BlackBerry is, somehow, coming back from the dead yet again

The new phone will have a physical keyboard and 5G. But if Nokia and Motorola have taught us anything it's that nostalgia doesn't guarantee great phones.

A black color Handphone with qwerty keyboard

It’s not 2008 — but if you squint hard enough at the lineup of upcoming smartphones, you might just think it is. The latest addition is an Android-powered BlackBerry device with a physical keyboard, to be produced by a company called OnwardMobility. The Texas-based tech startup has licensed the BlackBerry brand name for a forthcoming 5G smartphone, planned for release sometime in the first half of 2021.


BlackBerry, once a well-respected household name in mobile phones, fell quickly out of public favor as Apple’s iPhone and Samsung’s Galaxy series took hold of the smartphone market and its unique selling propositions — physical keyboards and BlackBerry Messenger — were outshone by touchscreens and apps like iMessage and WhatsApp.

Recent BlackBerry phones have run Android and been manufactured by Chinese electronics company TCL. TCL's license expires at the end of August. Clearly OnwardMobility feels more optimistic about its chances than TCL dig, given the latter didn't renew.

Not much is known about the upcoming BlackBerry save for the fact that it will indeed be produced under the BlackBerry name. In all likelihood, the device will fail to live up to the expectations of this decade’s highly competitive smartphone market. But you can bet we’ll be watching it anyway.

What we do know — Information about the phone is essentially unavailable right now. OnwardMobility CEO Peter Franklin refused to offer specifics to The Register when prompted, save to mention that the phone will use a redesigned keyboard rather than recycling one from an older BlackBerry model. The phone will be manufactured by FIH Mobile, a subsidiary of Foxconn.

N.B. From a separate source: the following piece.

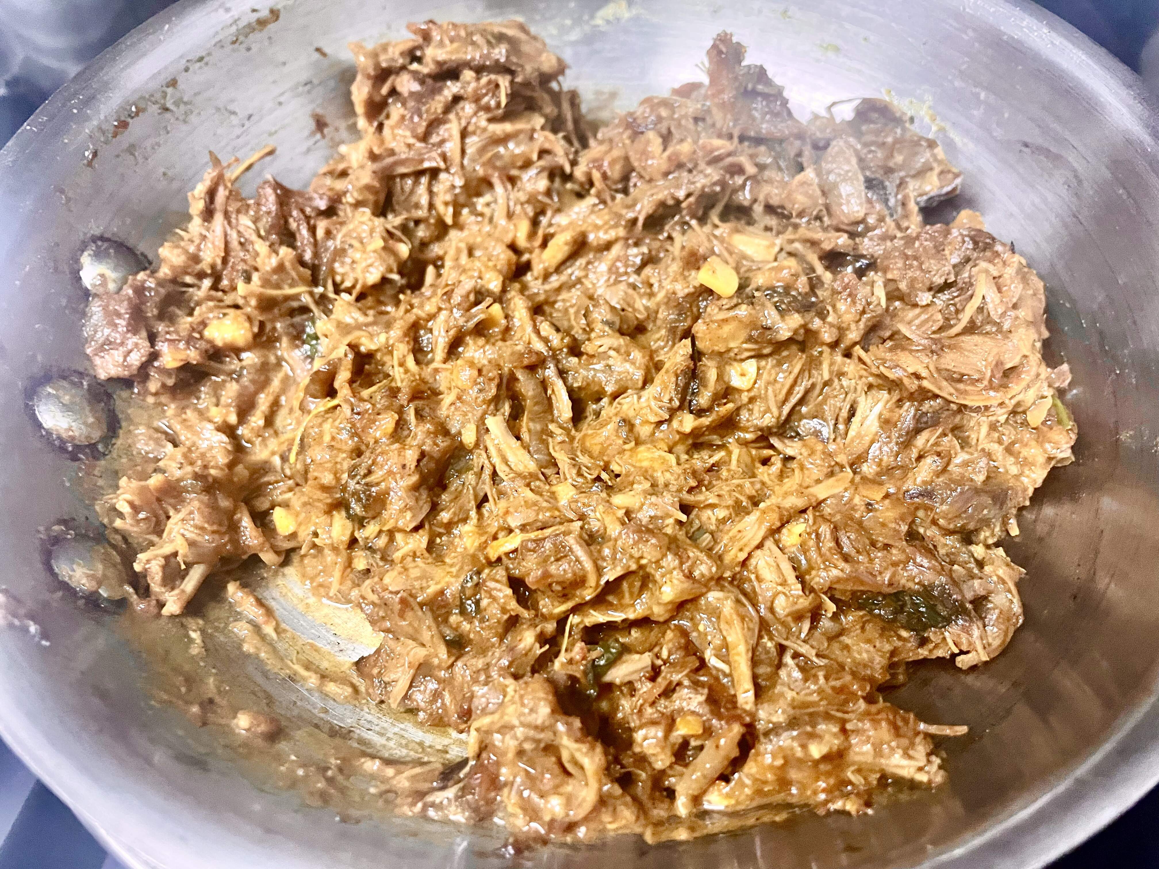 Mutton Jhalfrezie: leftover meat re-cooked with sauteed onions and garlic, some leftover gravy, and spices. (Originated in Bengal as a repurposing of leftovers with aromatics and spices, and one of my Dad’s favorite things to make from leftiver kid / baby goat roast, but I forgot the potatoes in his version.)

BlackBerry’s VP of Advanced Technology Labs, Sarah Tatsis, told The Register that the keyboard design hasn’t been finalized yet. She said also that it will “reflect the brand values from a keyboard typing experience and input experience.” Which is, you know, not really an answer at all. Also, no BlackBerry in the last decade has been able to recapture the imagination of consumers by way of a physical keyboard. It's not just that touchscreens are more flexible in terms of user interfaces, but physical keyboards tend to result in strange display dimensions that are awful for uses beyond typing emails, like playing games or consuming video.

Franklin says OnwardMobility’s other main focus with the device is preserving the security and usability that consumers came to expect from BlackBerry. This equates, he says, to being a little less expensive than a flagship phone with similar specs you’d want in a day-to-day phone. With the mid-range market pretty crowded, that's a tough proposition, too.

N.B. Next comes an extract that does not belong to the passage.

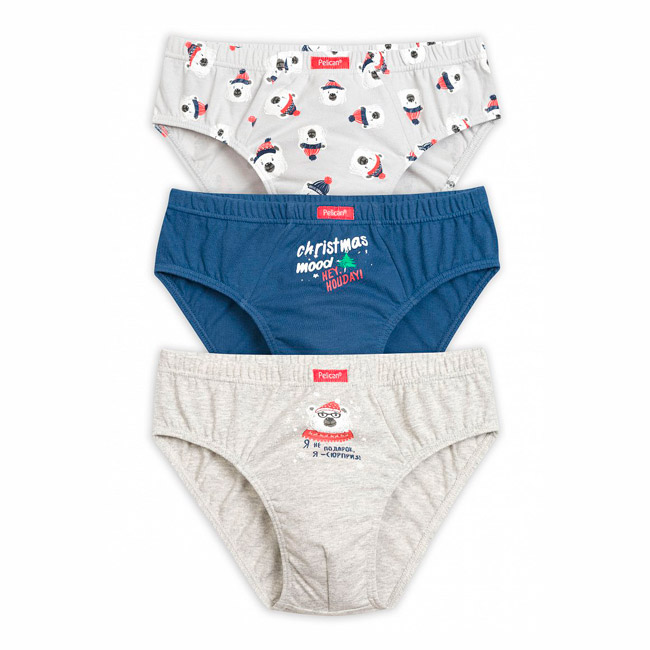 Трусы-слипы для мальчиков из трикотажного хлопка, однотонные или с набивным рисунком. Тематика принта: новогодние мишки. Цена указана за одну позицию. При заказе через интернет-магазин указывайте цвет изделия.

BlackBerry’s been buried so many times now — This is not the first time a third-party manufacturer has attempted to resurrect the BlackBerry name. Actually, most of BlackBerry’s business in the last decade has been resurrection attempts.

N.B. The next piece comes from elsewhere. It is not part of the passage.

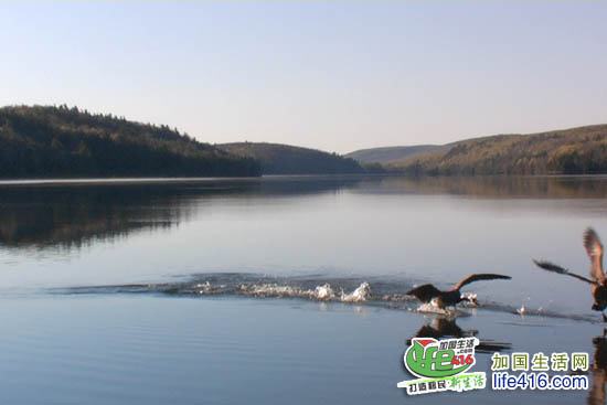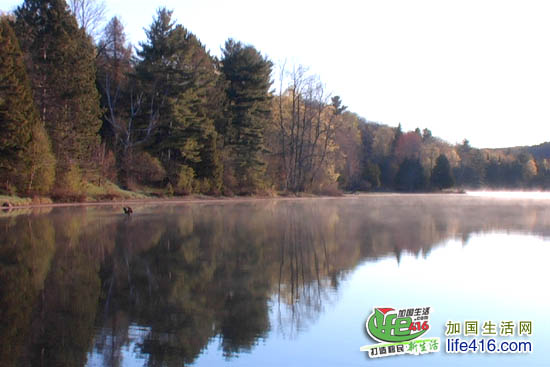 从渥太华到Philippe Lake大约一个小时的路程,国会山庄后的渥太华河是安大略省和魁北克省的分界线,过了河就是魁北克省。到达魁北克省境内,我们傻了眼,路牌和路名全是法语,而且到Philippe Lake的5号公路修路被封。我们只能一边问路,一边向目的地行进。

BlackBerry tried a reboot in 2013 with its BlackBerry 10 devices. By 2016, the brand had essentially folded — just a year after switching to the Android operating system — which is when TCL stepped in. A number of BlackBerry devices have also been released in India since, and the company has continued to offer its software services to a range of companies, but making phones wasn't something we expected to see it do again.

Nostalgia makes for bad devices — We’ll reserve judgment until the new BlackBerry’s actual release. Still, though, consumers should be wary of any device that centers its operations on nostalgia. Nokia has had limited success using a similar approach, and with every passing year, the number of people with fond memories of BlackBerry's physical keyboards dwindles.

Similarly, Motorola’s new Razr initially managed to generate plenty of hype thanks to early-aughts-based nostalgia, but it ultimately failed to deliver on it.

Perhaps our worries are unfounded. OnwardMobility could do a stand-up job with this reboot and the new BlackBerry could usher in fresh space in the phone market for keyboard-centric devices. But we're not betting on it. The world of mobile has changed too much. And we've been hurt too many times by brands seeking to exploit our yearning for simpler times.